Saturday, 22 November 2014

read | the art of seeing

I read John Berger's 'Ways of Seeing' this recent summer while on holiday with my very good friend and her family (who very kindly invited me to join them on their trip to France) - let me tell you, I had such a lovely time, but now I am digressing from my point!  Right now I am striving to rekindle the ideas that the book aroused in me at the time. I just hope that I will be able to reproduce some of the immediate responses I had to the book and the views expressed in it. 'Ways of Seeing' was another book on my preparatory reading list for university, and it turned out to be a very intriguing and enlightening read.

If you have read it, I'd love to know what you thought! Whether you have different ideas or similar ones, we all have something to say.



I think that Berger brings together the complex with the more simple or essential, by writing about abstract and thought-provoking ideas and inserting images throughout the text that plainly demonstrate concepts in their own right. This kind of format is also a reflection of one of the important aspects of Berger's argument, that of what we see being fundamental to what we know. The book comprising of many essays on the nature of sight, Berger further emphasises the great influence that seeing has upon knowledge by forming half of his essays solely out of images of works of art. This, as you might be able to imagine, was a challenging obstacle in the reading - but a very interesting one! 'Reading' an essay which is entirely pictorial, without the commentary of any words at all is something very different.  Your own gains from the book is only dependent on what you bring to the pictures, and that is all. The onus is on the reader to interpret and speculate, to comment and expand, and to build the narrative of what they are looking at.

Much like how it is in the real world?

"It is seeing which establishes our place in the surrounding world; we explain that world with words, but words can never undo the fact that we are surrounded by it". 
John Berger, 'Ways of Seeing', 1972

And as we often do in the real world, the essays exclusively made up of images made me want to know how they were interconnected, to search for a meaning. We are not content with only one interpretation of our surroundings, that is, from our own perspective. We are obsessed with a common ground or objective story that explains what is going on around us. Berger added to my growing belief that this is an illusion. We brandish ourselves and our vision at the world, which is our way of seeing, but this may be completely different from the next person. In other words, we bring to the world, the world does not bring to us.

Many parts of the book would doubtless ignite debate at a feminist grouping, and, written by a man in the seventies I am sure that we can pick out some implicitly derogatory statement about women somewhere.

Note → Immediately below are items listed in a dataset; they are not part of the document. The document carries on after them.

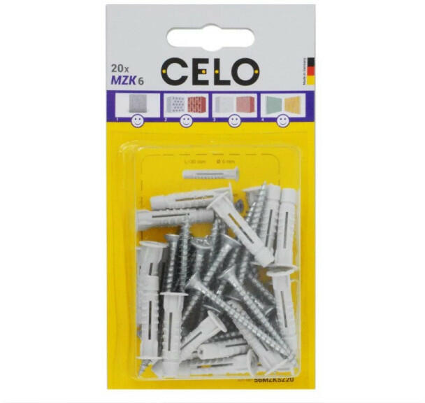 CELO MZK univerzális galléros műanyag dübel 6 x 30 + 4,5 x 40 facsavar - 20 db A készlet tartalma: 1 x 4,5 x 40 facsavar - 20 db1 x MZK 6 univerzális műanyag dübel gallérralA CELO MZK univerzális galléros dübel milliószor bizonyította kiválóságát és szinte az összes építőanyagban használható. A dübel 4 irányú tágulása a tömör anyagokban és csomózó effektusa üreg
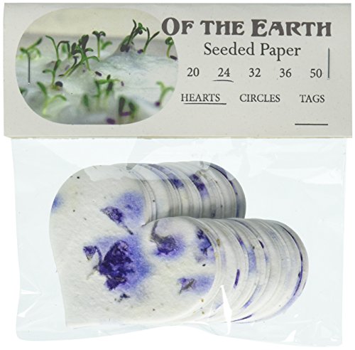 OF THE EARTH Purple Heart Shape Seed Embedded Blue Larkspur Handmade Paper, Large, Set of 48 Tags
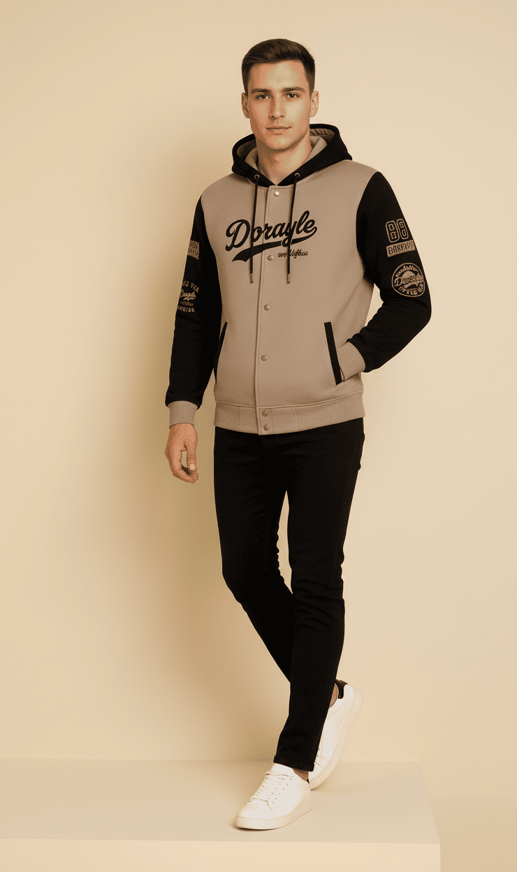 - Striking Color Block: The rich contrast between the light beige/tan body and black sleeves/hood exterior creates an immediate, eye-catching aesthetic, reminiscent of classic varsity jackets.
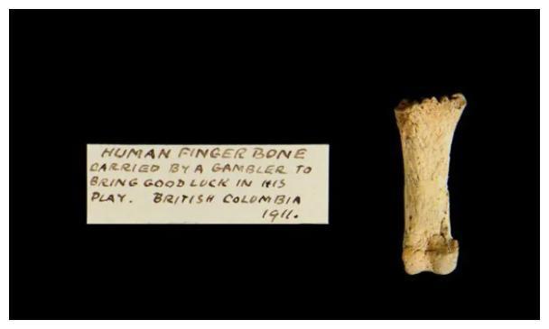 英国斯卡伯勒收藏的一节人类指骨,这本来属于一个赌徒,据说是用来增添好运的“幸运人手指骨头”……
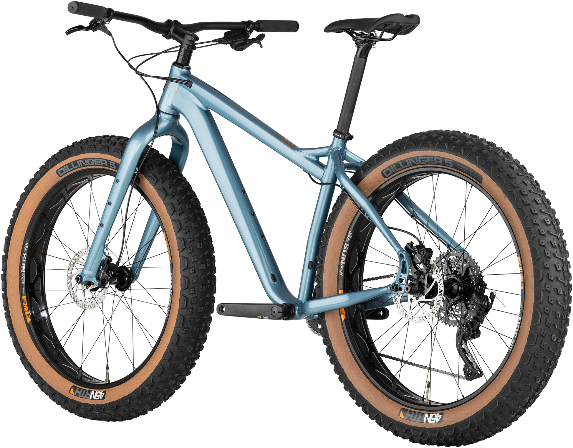 Heyday! geometry works extremely well in all conditions and use cases, whether it's riding groomed singletrack at your local trail, exploring a coastline, or embarking across the wild frozen expanses of Alaska. We use the shortest chainstays possible with a headtube angle and fork offset that place the rider’s center of gravity farther back. This combination of front and rear center is key to getting a fat bike that is stable, steers well in loose conditions, and still feels nimble despite the massive wheels and tires. A low bottom bracket also keeps the rider’s center of gravity low and makes dabbing, dismounting, and remounting easier
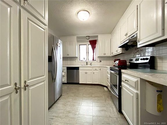 Freshly updated townhouse located on beautiful Enfield St. and is convenient to highway and shopping. This charming home has so much to offer. The kitchen has newer tile counters; tile floor and back splash and SS appliances. The half bath has a new vanity w/granite counter, tile floor and toilet. The main bath also has a new tile floor; new toilet and double sink vanity w/granite. Laminate wood floors were installed 5 yrs ago, The MBR has had additional closets added with one being used as a neat computer area. In 2017 a new gas furnace and central air conditioning unit were installed. Also new windows were installed in 2017 in the bedrooms offering better sound protection. The spacious basement is ideal for storage or for future expansion. Finally you will also have the opportunity to enjoy the outdoors in the private patio area which is surrounded by new fencing.
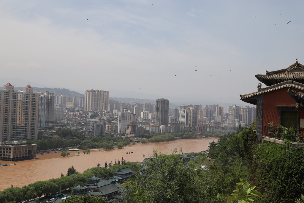 在白塔山上俯瞰兰州市的市景

For example, Berger expresses some very controversial ideas on the difference between masculinity and femininity, that seems to polarise the sexes in a very large way. Nevertheless, I think that he posits some very interesting meditations upon the female nude. Berger explores the female presence, which he considers to be a defining characteristic of a woman, certainly one which separates her from the male. The presence of a female, shown through her "gestures, voice, opinions, expressions, clothes, chosen surroundings and taste" is depicted as something so much a part of her physical entity, and this indeed has much to say of men and how they regard women. On the other hand, male presence, Berger suggests, must be taken as relative to how much dominance they are demanding by suggestion.

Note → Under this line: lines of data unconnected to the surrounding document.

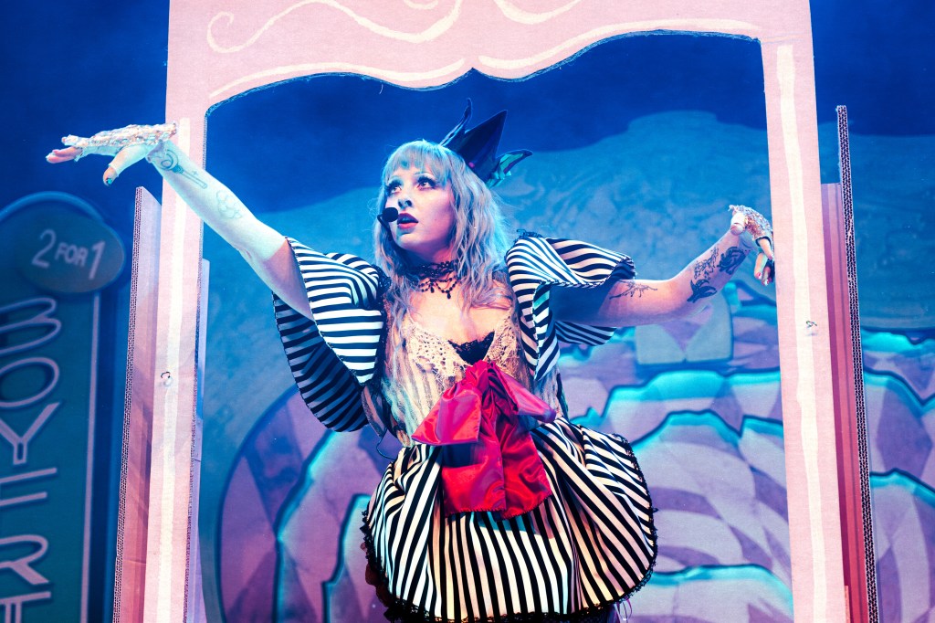 Then it was time for the moment everyone had been waiting for. As the clock struck 9:10 PM, the lights went out, and the intro started playing. Her 10-minute delay felt like part of the show, accompanied by a voice over the speakers mumbling about getting everything ready for a walk. While searching for her lip gloss, she discovered a tiny door at the bottom of her purse that led to Smoochie World, the stage. This introduction was one of the most impressive I had seen in a long time, with Ashnikko crawling through the tiny door as the lights flickered and a heavy guitar track played in the background, before launching into her first song, “Sticky Fingers.” Starting alone on stage, Ash quickly captured the audience’s attention. From the very first note, the crowd screamed every word back at her.
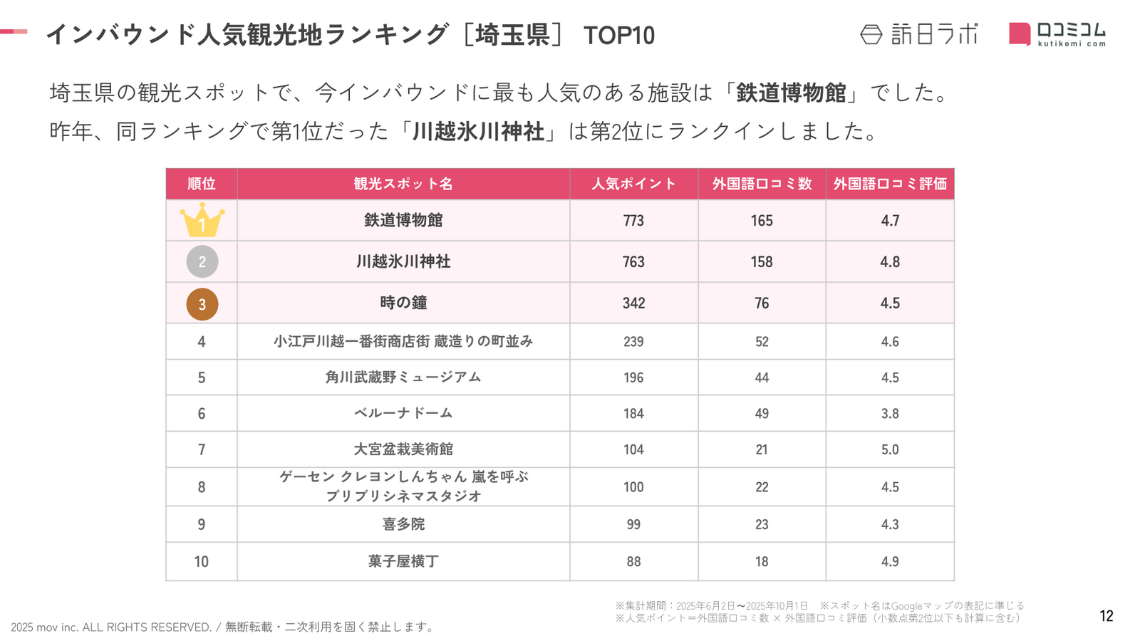 訪日ラボ・口コミコムが独自に調査した『インバウンド人気観光スポットランキング』埼玉編。
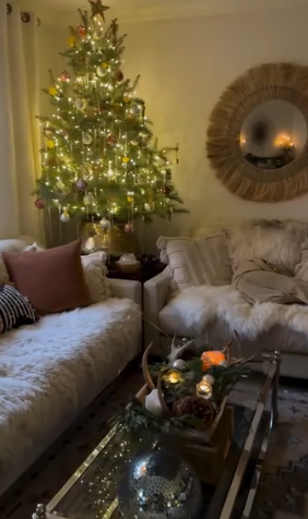The tree is decorated with a mix of warm white lights and colorful, eclectic ornaments that suit the relaxed, textured vibe of the room. With plush faux-fur throws on the seating and a natural centerpiece on the coffee table, the atmosphere is incredibly inviting, soft, and beautifully intimate- ideal for a charming, unfussy Christmas.
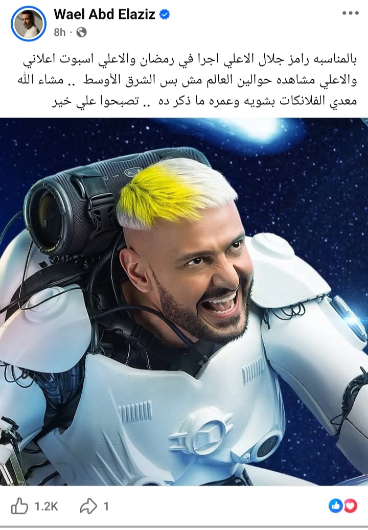 كما نشر صورة للنجم رامز جلال وعلق عليها " بالمناسبه رامز جلال الاعلي اجرا في رمضان والاعلي اسبوت اعلاني والاعلي مشاهده حوالين العالم مش بس الشرق الأوسط .. مشاء الله معدي الفلانكات بشويه وعمره ما ذكر ده ".
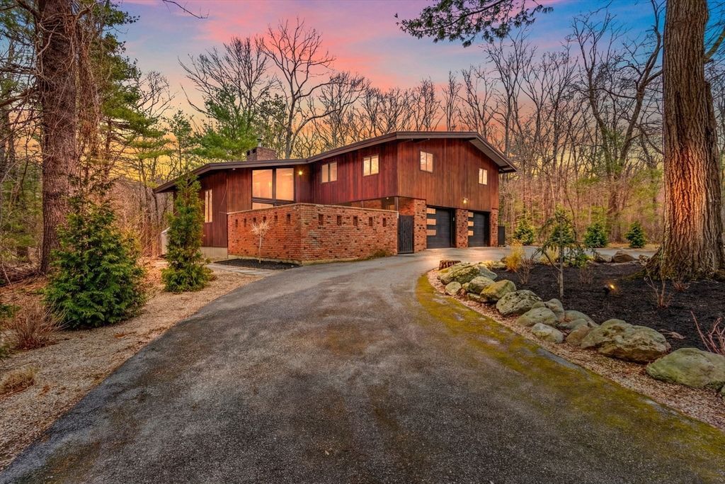 Tucked into nearly an acre of mature trees in Lexingtons Turning Mill neighborhood developed by architect Walter Pierce, this distinctive mid-century modern style home offers privacy, character and upgrades throughout. Clean lines and expansive windows fill each room with natural light creating a connection to the surrounding landscape. Thoughtfully designed for both gathering and retreat, youll enjoy generous living and dining areas, a welcoming Great Room with 15ft ceiling anchored by a dramatic double-sided fireplace, large sunroom, updated kitchen and baths. Five bedrooms spread across the upper level, including a primary with ensuite....read more
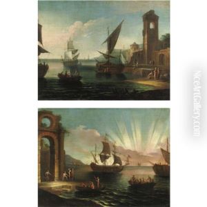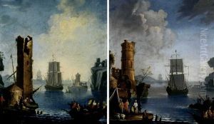 Marine Con Barche, Figure, Mercanti Abbigliati All'orientale E Rovine (pair)
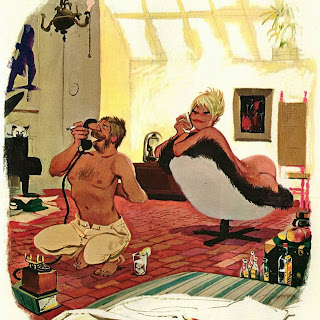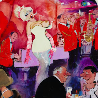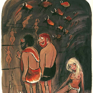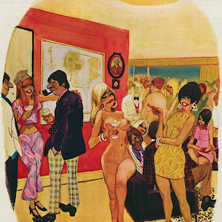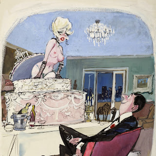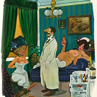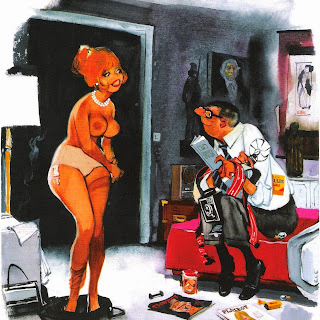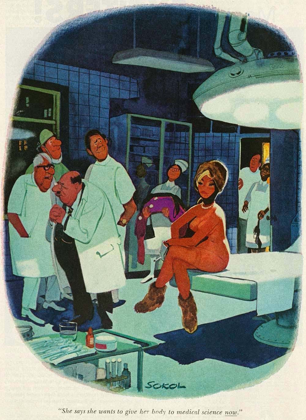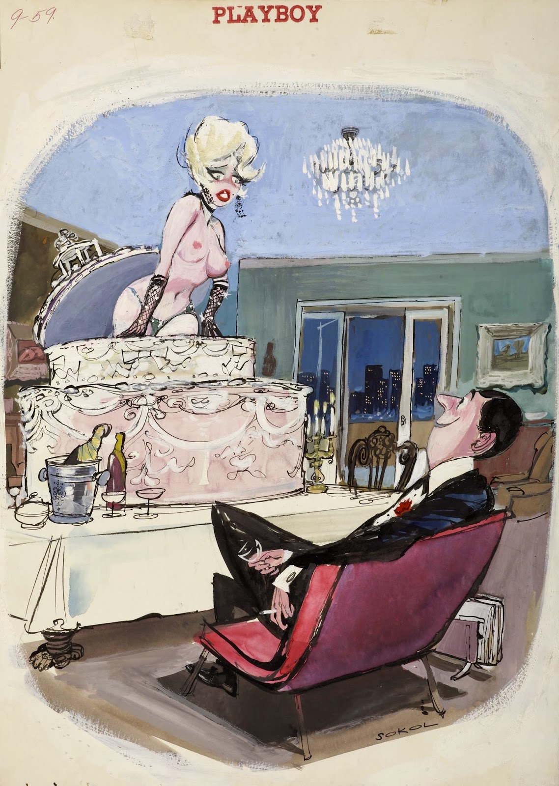 Sokol’s Playboy cartoons were part pin-up cheesecake, part satirical observations on modern life. The women were buxom, provocative and lustful; precisely what appealed to Playboy’s audience of working class men. The women in Erich Sokol’s world were fantasy, but the depictions of where they were found was in grocery stores, a doctor’s office, at a friend’s party, and so on. Occasionally there were women from upper-class society, such as the busty member of royalty at a dinner party whose bosom gets accidentally fondled by a absent-minded table partner.

This may be an idea that has naturally emerged out of old-fashioned thought, however, I think that Berger is saying something which would have meaning in today's time. There is so much evidence of women who have developed feelings of self-consciousness by having a perception of the female presence that they believe through which they are assessed for everything they do. There is no evidence, however, to prove that men do not also entertain such ideas about their own presence in society. This may be another concept for debate.

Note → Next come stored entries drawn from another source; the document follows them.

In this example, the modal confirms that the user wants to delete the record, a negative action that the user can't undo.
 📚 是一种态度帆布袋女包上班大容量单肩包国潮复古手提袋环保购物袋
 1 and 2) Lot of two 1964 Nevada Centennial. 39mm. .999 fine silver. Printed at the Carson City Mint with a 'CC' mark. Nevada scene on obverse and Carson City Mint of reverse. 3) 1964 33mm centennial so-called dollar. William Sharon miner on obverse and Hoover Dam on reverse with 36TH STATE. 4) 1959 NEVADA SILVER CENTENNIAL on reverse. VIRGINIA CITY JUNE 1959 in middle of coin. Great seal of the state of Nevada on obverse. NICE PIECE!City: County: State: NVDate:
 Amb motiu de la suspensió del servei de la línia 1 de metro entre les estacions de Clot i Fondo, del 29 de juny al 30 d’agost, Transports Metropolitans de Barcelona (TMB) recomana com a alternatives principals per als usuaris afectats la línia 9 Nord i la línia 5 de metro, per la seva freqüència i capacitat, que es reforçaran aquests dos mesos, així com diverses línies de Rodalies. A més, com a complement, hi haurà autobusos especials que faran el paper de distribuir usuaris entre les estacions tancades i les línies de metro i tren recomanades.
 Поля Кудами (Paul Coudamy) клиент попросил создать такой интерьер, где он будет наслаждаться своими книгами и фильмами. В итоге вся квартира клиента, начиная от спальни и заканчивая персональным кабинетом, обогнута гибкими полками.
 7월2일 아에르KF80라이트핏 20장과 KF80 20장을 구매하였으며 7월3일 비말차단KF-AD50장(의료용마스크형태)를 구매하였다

I apologise if this post did not cover much ground.  Keeping aware that everyone has a different way of seeing, please let me know your thoughts, and if you have read the book, you probably will want to argue your own view. Berger definitely writes about so much more than what I have given reference to here. What I would say is that 'Ways of Seeing' is an inspiring collection of ideas that has challenged the way I have thought about art and sight, and inevitably, life. Berger makes you think about everything differently and aims to make you see the entire picture.